Así, con la enorme responsabilidad de hablar sobre lo que autoridades intelectuales ya han dicho, nos cobijamos cada quien en un pueblo para describir formas rituales particulares. Sin embargo, cometeríamos una injusticia si intentáramos afirmar que ninguno de aquellos destacados investigadores reparó en las enormes similitudes entre pueblos vecinos, pues más allá de que es prácticamente imposible pasar por alto algo tan evidente, es precisamente gracias a los parecidos que es posible inferir las particularidades, siendo el mejor ejemplo de ello Pamela y Alan Sandstrom [1986], quienes comparan las similitudes y divergencias de los muñecos de papel recortado de las tradiciones nahua, otomí y tepehua.

De esta manera, no queda sino preguntarse, como ya lo han hecho Dow, Galinier y Sandstrom, hasta qué punto es viable hablar de universos étnicos particulares cuando en los hechos, aquéllos que ponen en marcha la maquinaria ritual, no parecen ver complicación alguna en que un otro la dirija. De esta manera no nos queda sino encarar este problema, claro está, siguiendo las tesis ya expuestas por nuestros predecesores y contemporáneos, pues es indiscutible que desde muchos ángulos, pero sobre todo aquél de la lengua, los totonacos son totonacos y los tepehuas no son otomíes. Pero, por el otro lado, existe un ámbito en que la comprensión mutua supera las barreras de lo verbal, en el que se entienden sin hablar o mejor dicho, se entienden a pesar de que hablan.

 

Más allá de la lengua

Encontramos similitudes entre las ritualidades indígenas dentro de este abigarrado mosaico pluricultural. Nahuas de la Huasteca sur veracruzana, otomíes orientales, tepehuas orientales y totonacos del norte parecen entenderse, merced a parecidos formales visibles en sus rituales. El caso del ritual de desagravio para la Sirena, en la hoy abatida comunidad del Mixún, es el ejemplo idóneo de un ritual interétnico, donde varios "colores" convergen y donde todos parecen comprender lo que se hace.

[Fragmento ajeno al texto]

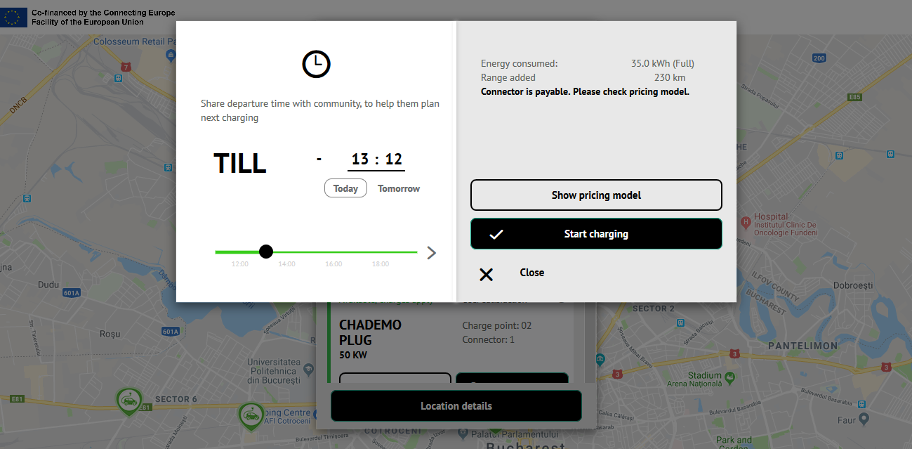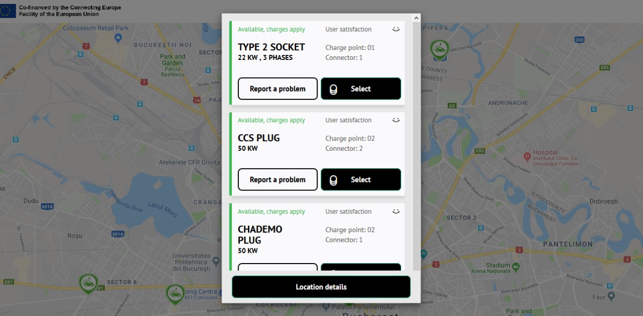Select from map the charging station you want to use

El ritual no sólo es extraordinario por la razón que lo motivó (prevenir nuevos hundimientos y deslaves en los pueblos de la región), sino también, y precisamente, por haber dado lugar a esta compleja interacción entre raíces étnicas diversas. Por ese motivo, este ritual fue el espacio privilegiado para entender la lógica que posibilita y da coherencia a la interacción intercultural sobre la cual se monta el concepto antropológico de "región intercultural". Así, si otomíes, totonacos, tepehuas y nahuas participan en un mismo ritual, ¿significa que comparten matrices culturales? Pensamos que la respuesta no es sencilla, es un hecho que se comprenden mutuamente, que empatan similitudes formales, propiamente dicho, en el plano de la expresión [Hjelmslev, 1974 (1943):75; Barthes, 1990 (1985):76], pero ello no niega las diferencias en el plano del contenido entre unos y otros. ¿Hasta dónde llegan las diferencias?, ¿hasta dónde las similitudes?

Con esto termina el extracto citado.